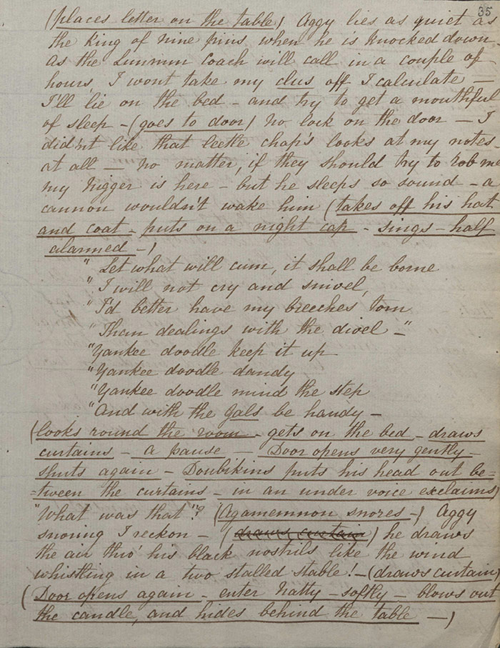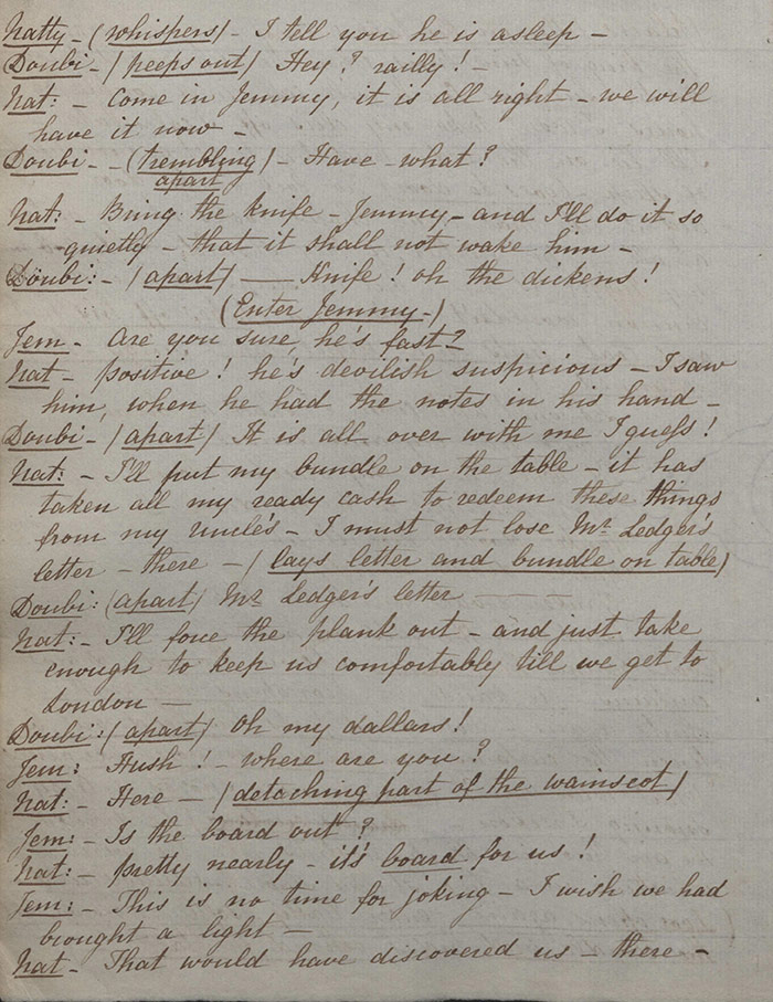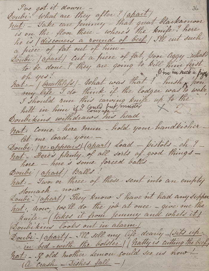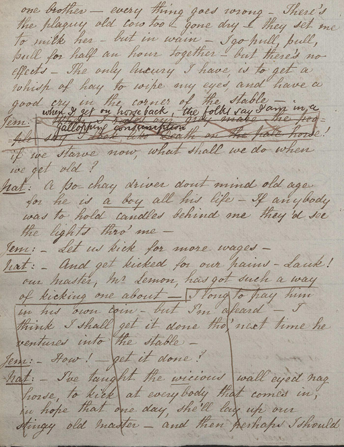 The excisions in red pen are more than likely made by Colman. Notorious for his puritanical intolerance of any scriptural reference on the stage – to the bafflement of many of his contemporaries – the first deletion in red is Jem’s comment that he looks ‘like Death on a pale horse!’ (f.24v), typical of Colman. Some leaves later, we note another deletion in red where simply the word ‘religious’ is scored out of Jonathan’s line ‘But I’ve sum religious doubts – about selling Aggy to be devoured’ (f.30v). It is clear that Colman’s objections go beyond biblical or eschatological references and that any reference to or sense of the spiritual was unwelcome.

______

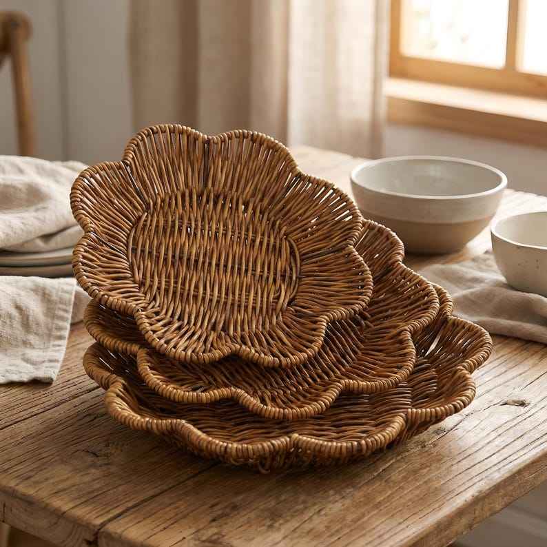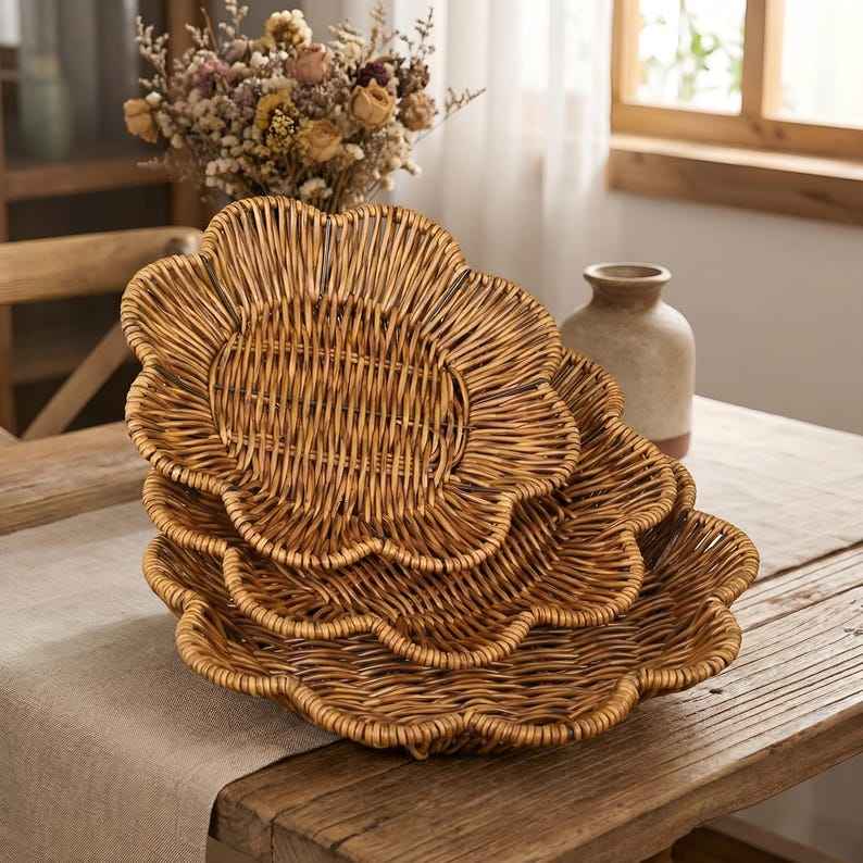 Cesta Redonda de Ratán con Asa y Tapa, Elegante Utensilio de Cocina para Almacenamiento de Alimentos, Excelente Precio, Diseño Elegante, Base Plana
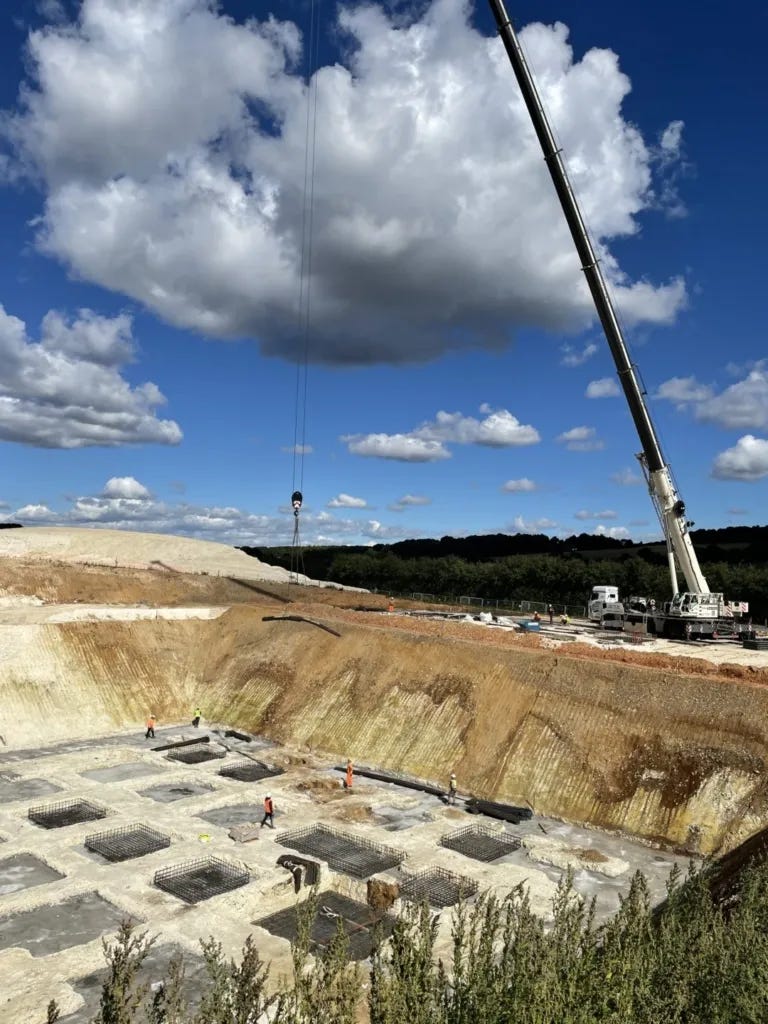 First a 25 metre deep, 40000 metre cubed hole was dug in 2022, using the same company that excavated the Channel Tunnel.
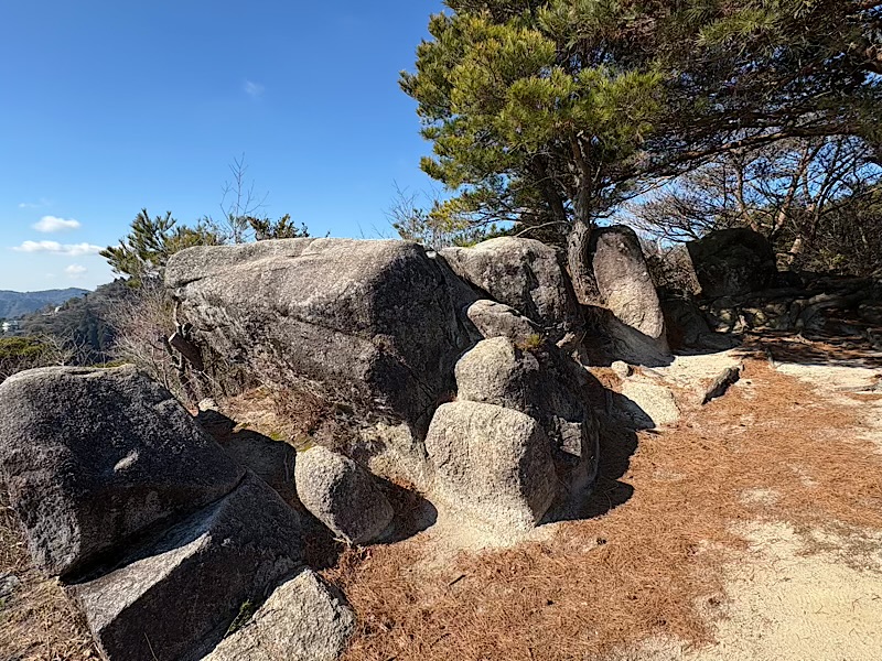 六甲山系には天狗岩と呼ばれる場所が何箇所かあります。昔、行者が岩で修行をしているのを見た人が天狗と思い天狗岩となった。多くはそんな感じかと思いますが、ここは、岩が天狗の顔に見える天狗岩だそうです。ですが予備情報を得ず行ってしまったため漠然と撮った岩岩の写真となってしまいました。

______

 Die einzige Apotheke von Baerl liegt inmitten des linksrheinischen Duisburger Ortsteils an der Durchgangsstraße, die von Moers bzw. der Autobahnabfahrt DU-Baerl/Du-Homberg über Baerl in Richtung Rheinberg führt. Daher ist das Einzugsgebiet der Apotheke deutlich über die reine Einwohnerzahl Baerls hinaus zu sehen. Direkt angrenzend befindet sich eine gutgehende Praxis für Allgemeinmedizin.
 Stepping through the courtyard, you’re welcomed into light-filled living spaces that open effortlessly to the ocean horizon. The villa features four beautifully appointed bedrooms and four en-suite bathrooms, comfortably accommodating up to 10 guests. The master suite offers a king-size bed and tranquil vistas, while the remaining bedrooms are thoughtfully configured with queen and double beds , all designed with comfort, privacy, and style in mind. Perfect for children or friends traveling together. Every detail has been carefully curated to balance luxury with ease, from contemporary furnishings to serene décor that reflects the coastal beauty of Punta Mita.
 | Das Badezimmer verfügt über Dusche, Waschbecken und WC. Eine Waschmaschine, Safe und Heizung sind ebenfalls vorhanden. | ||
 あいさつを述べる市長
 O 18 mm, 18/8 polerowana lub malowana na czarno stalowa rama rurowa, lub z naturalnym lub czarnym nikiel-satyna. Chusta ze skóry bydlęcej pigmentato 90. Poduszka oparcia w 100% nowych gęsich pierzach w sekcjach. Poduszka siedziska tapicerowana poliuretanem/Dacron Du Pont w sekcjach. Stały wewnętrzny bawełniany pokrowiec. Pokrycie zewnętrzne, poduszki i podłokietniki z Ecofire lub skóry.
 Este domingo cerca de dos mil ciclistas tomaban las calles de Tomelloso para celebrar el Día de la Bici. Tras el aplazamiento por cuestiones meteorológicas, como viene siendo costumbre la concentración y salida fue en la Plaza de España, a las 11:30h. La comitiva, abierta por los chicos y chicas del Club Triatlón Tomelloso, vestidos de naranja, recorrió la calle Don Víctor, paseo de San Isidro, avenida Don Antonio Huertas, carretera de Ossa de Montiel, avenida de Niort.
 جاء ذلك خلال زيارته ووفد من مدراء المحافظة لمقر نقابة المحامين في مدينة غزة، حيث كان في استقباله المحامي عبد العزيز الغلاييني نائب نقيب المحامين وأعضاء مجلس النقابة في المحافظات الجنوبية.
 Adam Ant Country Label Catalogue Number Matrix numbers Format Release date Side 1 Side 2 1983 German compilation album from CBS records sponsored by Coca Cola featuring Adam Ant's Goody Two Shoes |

______

INSTRUCTIONS TO FOLLOW - Each line of the records that holds the word "über" should be copied out.

TASK ANSWER -
 Die einzige Apotheke von Baerl liegt inmitten des linksrheinischen Duisburger Ortsteils an der Durchgangsstraße, die von Moers bzw. der Autobahnabfahrt DU-Baerl/Du-Homberg über Baerl in Richtung Rheinberg führt. Daher ist das Einzugsgebiet der Apotheke deutlich über die reine Einwohnerzahl Baerls hinaus zu sehen. Direkt angrenzend befindet sich eine gutgehende Praxis für Allgemeinmedizin.
 | Das Badezimmer verfügt über Dusche, Waschbecken und WC. Eine Waschmaschine, Safe und Heizung sind ebenfalls vorhanden. | ||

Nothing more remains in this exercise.